WHAT THIS TASK INVOLVES
Retype, word for word, every line of the records below starting at the one that contains "BRAND NEW 10X10FT" and ending at the one that contains "Note: The Mod"; include both of those lines and nothing more.

[Items listed in a dataset]
☆ ☆ ☆
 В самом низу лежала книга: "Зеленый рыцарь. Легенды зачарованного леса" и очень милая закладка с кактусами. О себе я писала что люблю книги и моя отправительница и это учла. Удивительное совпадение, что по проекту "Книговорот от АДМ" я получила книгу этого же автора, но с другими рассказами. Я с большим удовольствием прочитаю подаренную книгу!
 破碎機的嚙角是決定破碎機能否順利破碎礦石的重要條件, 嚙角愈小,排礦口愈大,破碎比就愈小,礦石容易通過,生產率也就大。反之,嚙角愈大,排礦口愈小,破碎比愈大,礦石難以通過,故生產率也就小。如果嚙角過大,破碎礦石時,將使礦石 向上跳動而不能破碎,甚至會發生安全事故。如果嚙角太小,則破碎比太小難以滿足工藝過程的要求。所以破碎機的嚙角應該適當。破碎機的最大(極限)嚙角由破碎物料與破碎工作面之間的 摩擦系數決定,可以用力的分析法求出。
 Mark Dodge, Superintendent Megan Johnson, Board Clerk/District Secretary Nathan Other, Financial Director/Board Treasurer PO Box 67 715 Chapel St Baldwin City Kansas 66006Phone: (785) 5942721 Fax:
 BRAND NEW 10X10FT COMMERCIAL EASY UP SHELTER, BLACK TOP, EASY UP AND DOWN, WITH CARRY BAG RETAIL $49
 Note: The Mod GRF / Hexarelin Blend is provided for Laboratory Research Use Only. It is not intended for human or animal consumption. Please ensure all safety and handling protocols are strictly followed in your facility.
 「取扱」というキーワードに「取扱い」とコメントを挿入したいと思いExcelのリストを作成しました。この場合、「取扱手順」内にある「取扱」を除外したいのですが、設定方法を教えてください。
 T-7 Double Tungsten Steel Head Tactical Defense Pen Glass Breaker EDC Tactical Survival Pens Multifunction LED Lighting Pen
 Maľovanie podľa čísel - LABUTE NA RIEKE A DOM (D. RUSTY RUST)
☆ ☆ ☆
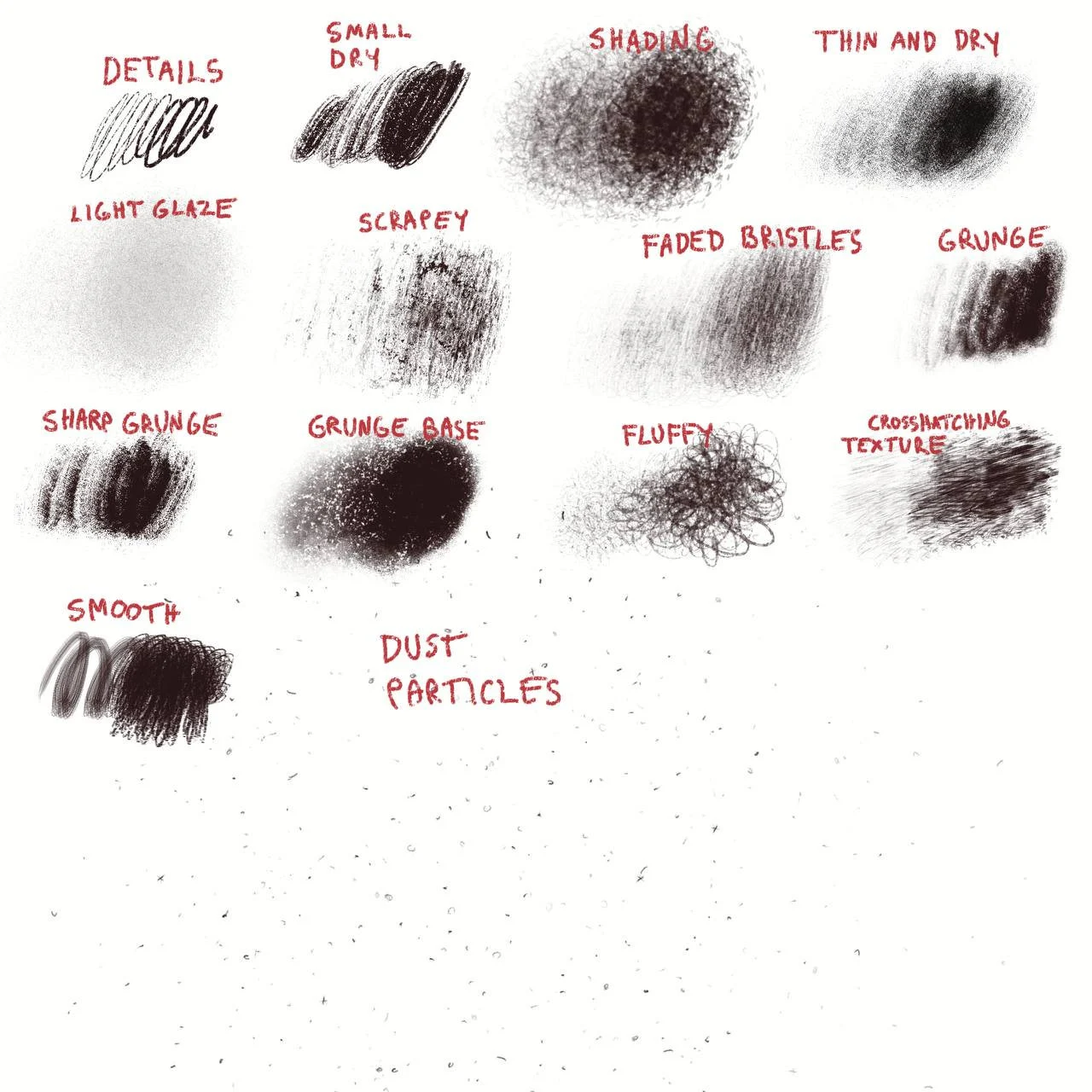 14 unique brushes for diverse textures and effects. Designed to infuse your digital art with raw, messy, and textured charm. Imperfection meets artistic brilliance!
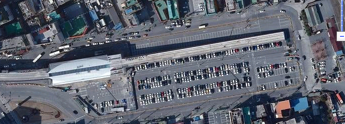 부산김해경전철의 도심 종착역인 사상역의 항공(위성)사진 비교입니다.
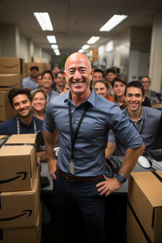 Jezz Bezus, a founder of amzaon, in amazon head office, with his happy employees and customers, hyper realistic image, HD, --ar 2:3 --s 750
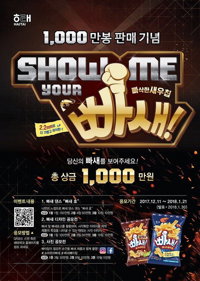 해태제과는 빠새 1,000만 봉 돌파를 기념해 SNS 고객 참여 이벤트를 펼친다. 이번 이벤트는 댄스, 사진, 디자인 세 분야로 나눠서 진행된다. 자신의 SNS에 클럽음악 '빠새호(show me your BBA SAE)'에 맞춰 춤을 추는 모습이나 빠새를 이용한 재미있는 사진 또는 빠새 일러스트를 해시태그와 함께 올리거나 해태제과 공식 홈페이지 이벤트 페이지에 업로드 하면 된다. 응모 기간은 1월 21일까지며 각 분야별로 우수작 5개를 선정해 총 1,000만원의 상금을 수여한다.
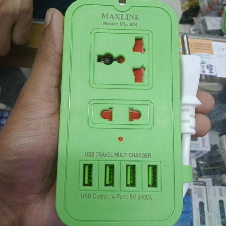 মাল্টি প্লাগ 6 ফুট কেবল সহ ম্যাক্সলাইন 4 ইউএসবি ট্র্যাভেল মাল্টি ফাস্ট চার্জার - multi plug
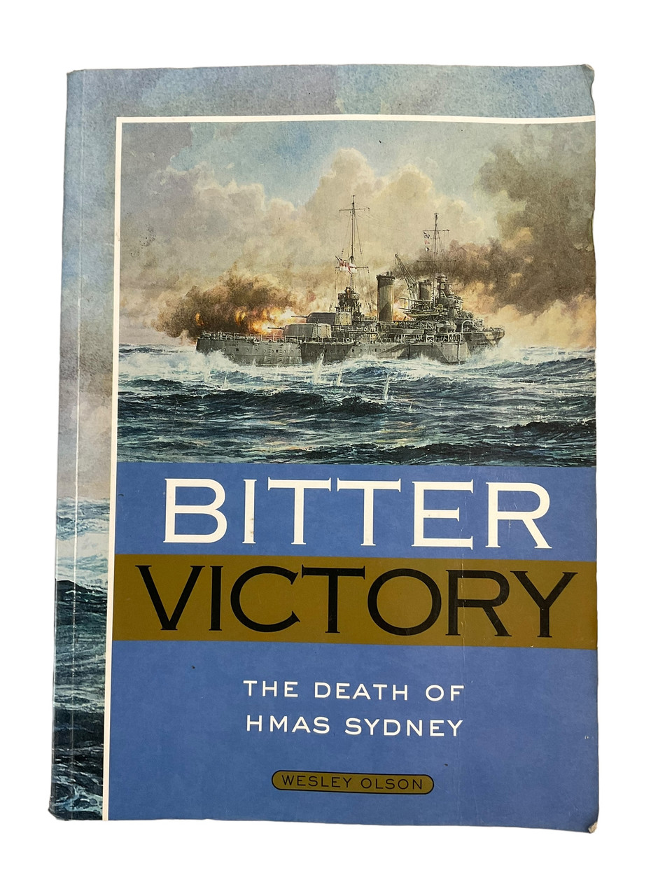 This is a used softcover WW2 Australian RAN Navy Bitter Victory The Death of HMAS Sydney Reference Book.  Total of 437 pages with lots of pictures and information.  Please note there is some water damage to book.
☆ ☆ ☆
WRITTEN SOLUTION
 BRAND NEW 10X10FT COMMERCIAL EASY UP SHELTER, BLACK TOP, EASY UP AND DOWN, WITH CARRY BAG RETAIL $49
 Note: The Mod GRF / Hexarelin Blend is provided for Laboratory Research Use Only. It is not intended for human or animal consumption. Please ensure all safety and handling protocols are strictly followed in your facility.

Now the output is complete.